Indifférentes aux soubresauts géopolitiques qui assombrissent la conjoncture internationale, les grandes entreprises continuent de croître et de mener des opérations d’acquisition. C’est le cas du grand constructeur informatique IBM qui vient de racheter RedHat, le spécialiste de logiciel «open source», pour la modique somme de 34 milliards de dollars. Pour résumer l’importance de l’opération, le montant dépensé par «Big Blue» (surnom donné à IBM) pour s’acheter un «chapeau rouge» correspond à 170% de la valeur boursière de l’éditeur de logiciel sur le New York Stock Exchange (NYSE).

Diversification

Avant d’aller plus loin, quelques mots à propos de l’ «open source». Pour simplifier, disons qu’il s’agit de logiciels gratuits. Autrement dit, les produits de base de RedHat sont téléchargeables gratuitement et n’importe quel programmeur, individu, entreprise ou collectivité, peut les copier, les échanger et même les modifier à sa guise et selon ses besoins. On est donc là dans un modèle à l’opposé de Microsoft. Cela étant, RedHat n’est pas non plus une entité caritative. Cette entreprise gagne de l’argent grâce à l’accompagnement des utilisateurs de ses programmes.

En effet, les clients de RedHat paient, par exemple, des abonnements pour bénéficier de ses services respectifs de programmation, de stockage de données, d’élaboration de solutions de «cloud» (stockage de données hors des installations informatique d’une entreprise) ou même de développement d’outils de sécurité numérique. En 2018, le chiffre d’affaires de RedHat devrait atteindre 3 milliards de dollars (les boursicoteurs noteront donc qu’IBM se paie cet éditeur pour 10 fois son chiffre d’affaires ce qui peut être considéré comme un gros investissement). De même, le bénéfice de RedHat approche les 500 millions de dollars. En clair, la gratuité ça peut payer…

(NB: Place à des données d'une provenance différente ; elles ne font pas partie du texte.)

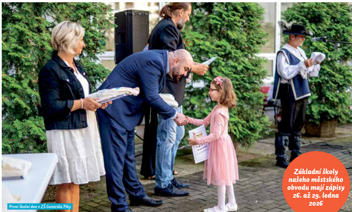
První školní den v ZŠ Generála Píky

Základní školy našeho městského obvodu mají zápisy 26. až 29. ledna 2026
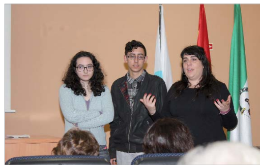
El corto se proyectó en el Centro Joven 'La Estación'.

como género y cine. En total, han participado 23 personas, que se dividen en 18 estudiantes de entre 14 y 16 años, un padre, una madre y tres personas más en produc-
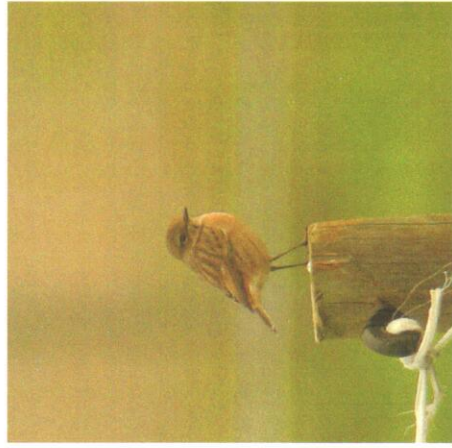
Västlig svarthakad buskqvätta på Sollerrön.
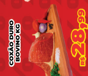
COXÃO DIURO BOVINO KG R$ 28,99
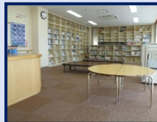
<1階図書室 (57.70㎡)> 床暖房完備で冬はとて暖かく、幅広いジャンルに渡りたくさんの本が揃っています。
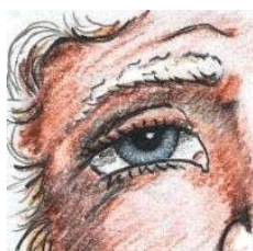
Måske det vigtigste afsnit

Når et filtermedie er blevet klassificeret efter EN 779:2002, får det betegnelsen G for et grovfilter eller F for et finfilter. Der indfanges partikler efter en given norm og efterfølgende optælles partikelstørrelsen 0,4 µm. Det vil sige, at opfanger filtermediet:

La réaction des analystes quant à cette opération est très mitigée. Il faut dire que l’aura d’IBM a bien pâli depuis que cette entreprise tenait le haut du pavé informatique. Même si elle a réussi à accompagner le boom de l’ordinateur individuel dans les années 1990 et du développement de l’internet, ses positions ont toujours été plutôt défensives, les initiatives et les innovations venant d’ailleurs. Ces dernières années, IBM affirme vouloir mettre le cap sur le développement de l’intelligence artificielle. L’acquisition de RedHat est donc une diversification manifeste. De quoi donner à l’entreprise les moyens d’élargir son offre dans le cloud et le data management (gestion de données).

Péril sur l’open source ?

Les partisans de l’open source, celles et ceux qui dénoncent la mainmise de certaines entreprises, dont Microsoft, sur l’industrie du logiciel, doivent-ils s’inquiéter ? Au stade actuel, on voit mal IBM tuer la poule aux œufs d’or mais on sait aussi que la culture des grandes entreprises transnationales s’accommode mal de la gratuité. Cela vaut aussi pour leurs actionnaires. Dans les années 1990, l’émergence du système d’exploitation Linux, développé grâce à de l’«open source» avait fortement irrité les grands noms de l’informatique traditionnelle. RedHat et sa philosophie ne va peut-être pas disparaître mais nul doute que sa transformation à venir sera suivie de près.